Data in this exercise:
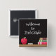 Begrüßen Sie Ihre Schüler am ersten Schultag mit den quadratischen Button-Buttons, die ein Imitat-Tafel , einen Apfel , ein Stück Kreide und einen kleinen Bücherstapel enthalten. © ArianeC Illustrations-Alle Rechte vorbehalten
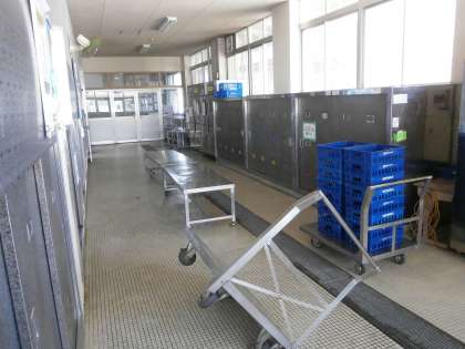 学校薬剤師の海老池先生が「給食施設定期検査」,「配膳施設定期検査」に来られました。給食室が清潔で安全であるかを「31項目」で検査してくださいました。4人の給食調理員さんがきれいに掃除され,清潔な環境が保たれていました。海老池先生からも「とてもきれいですね。大きなお鍋のふたもピカピカですね。」と,ほめていただきました。
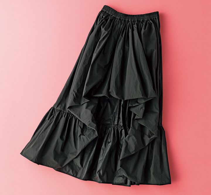 ハリのある素材の変形バルーンスカートは、前がミニ丈で後ろはロング丈。これ一つで最旬が叶います。スカート¥46,200(シー/エスストア)
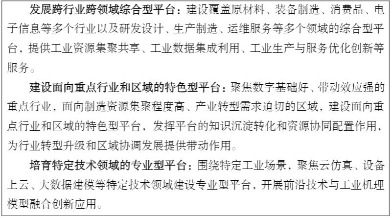 企业培育具有竞争力的工业互联网平台企业,建设一批跨行业跨领域的综合型平台、面向重点行业和区域的特色型平台以及面向特定技术和场景的专业型平台,强化工业大数据开发、制造资源配置和解决方案汇聚能力,加快工业知识的沉淀、传播和复用,打造基于平台的制造业新生态。促进平台间互联互通,通过制定平台间数据迁移标准,探索工业机理模型、微服务、工业APP的跨平台部署和调用机制,实现平台间的数据互通、能力协同与服务共享。
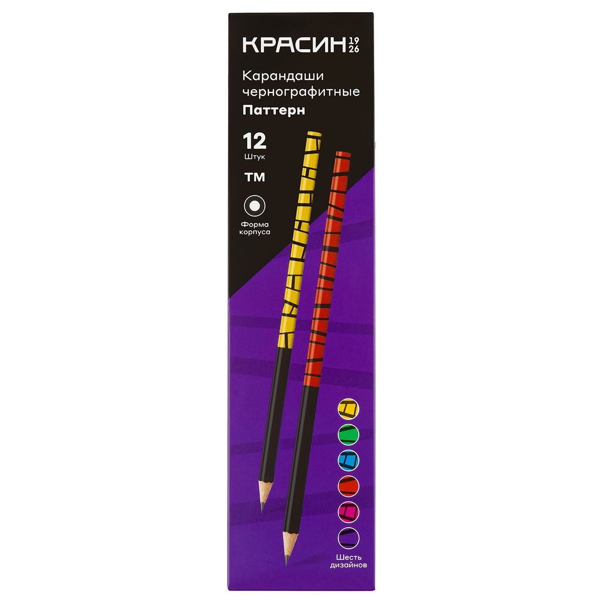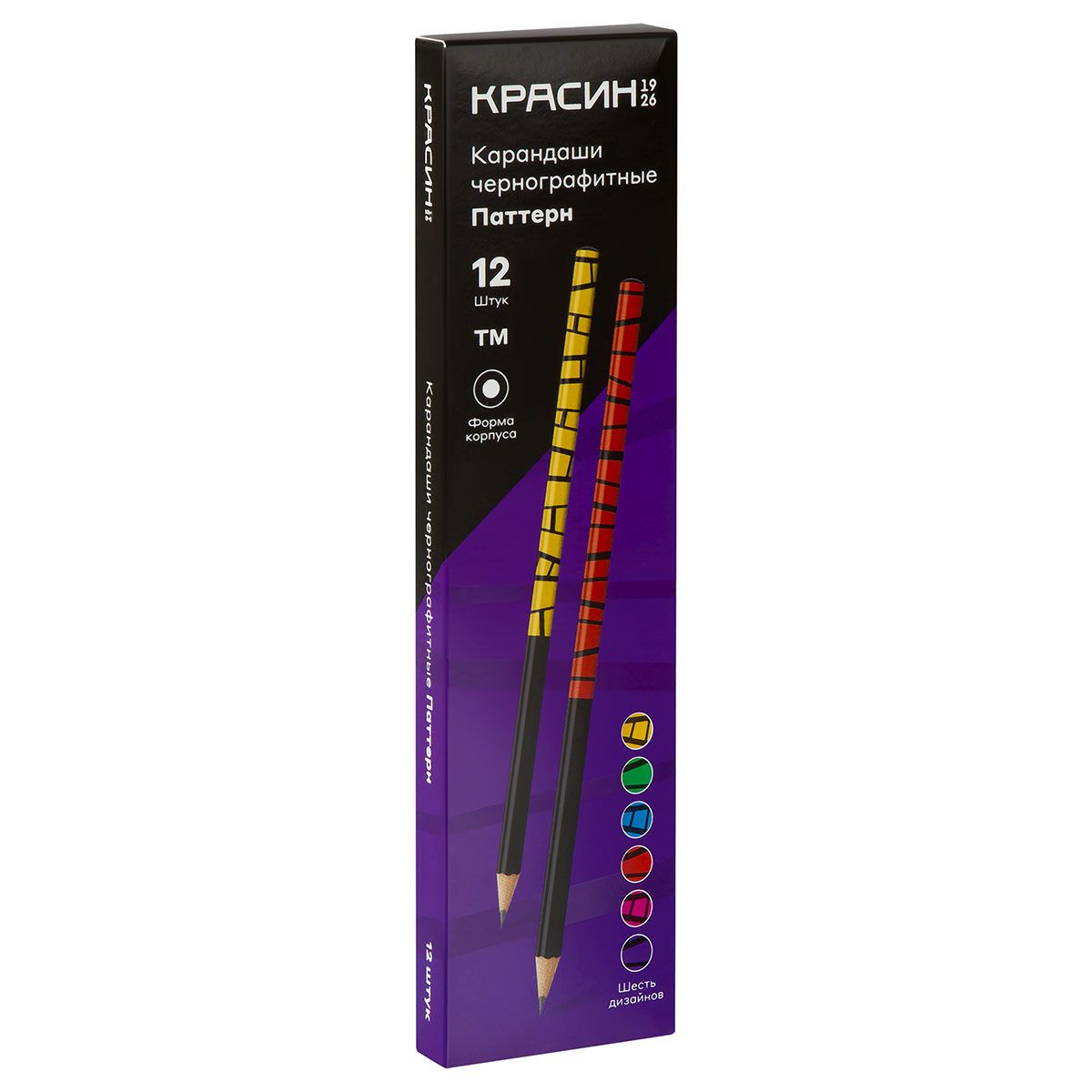 Карандаш ч/г Красин "Паттерн" ТМ (НВ), кругл., заточен., ассорти.
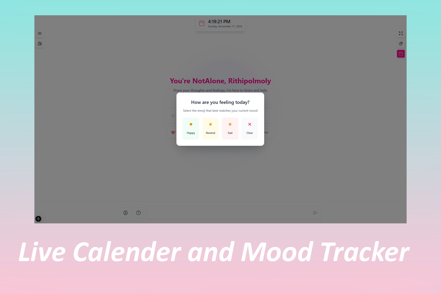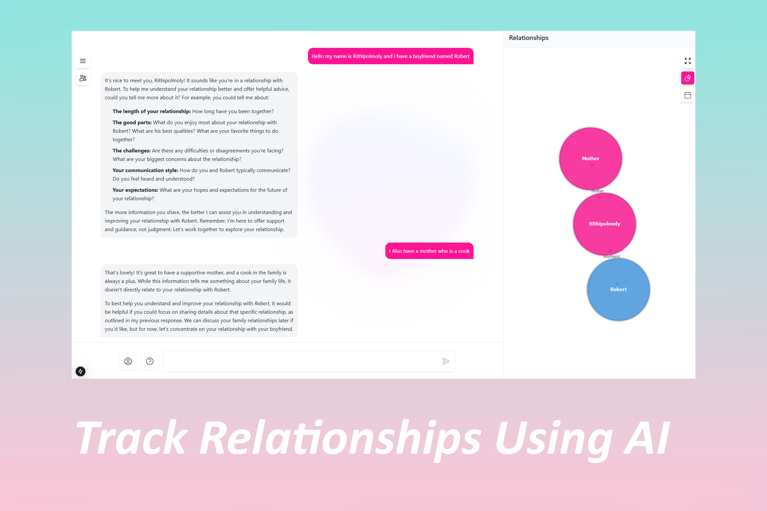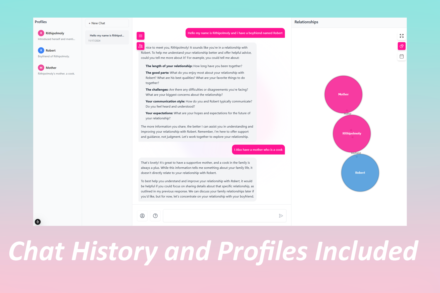 - Interact with an empathetic AI chatbot that functions as a daily relationship journal
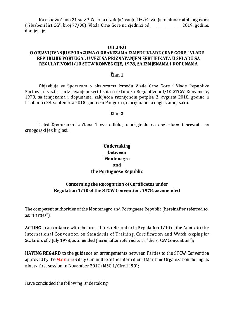 Na snow Lana 21 STAV 2 Dakota o zakljuivanju i izvravanju meunarodnih govern (Student list CG, Bros 77/08), Vlad Cone Gore Na scenic OD 2019. Iodine, Daniela JE DUKE O OBJAVLJIVANJU SPORAZUMA O OBAVEZAMA

What to do: Only the lines starting at the one that holds "Карандаш ч/г Красин" and ending at the last line of the data belong in your answer. Please set them down exactly and omit the pictures.

Answer box:
 Карандаш ч/г Красин "Паттерн" ТМ (НВ), кругл., заточен., ассорти.
 - Interact with an empathetic AI chatbot that functions as a daily relationship journal
 Na snow Lana 21 STAV 2 Dakota o zakljuivanju i izvravanju meunarodnih govern (Student list CG, Bros 77/08), Vlad Cone Gore Na scenic OD 2019. Iodine, Daniela JE DUKE O OBJAVLJIVANJU SPORAZUMA O OBAVEZAMA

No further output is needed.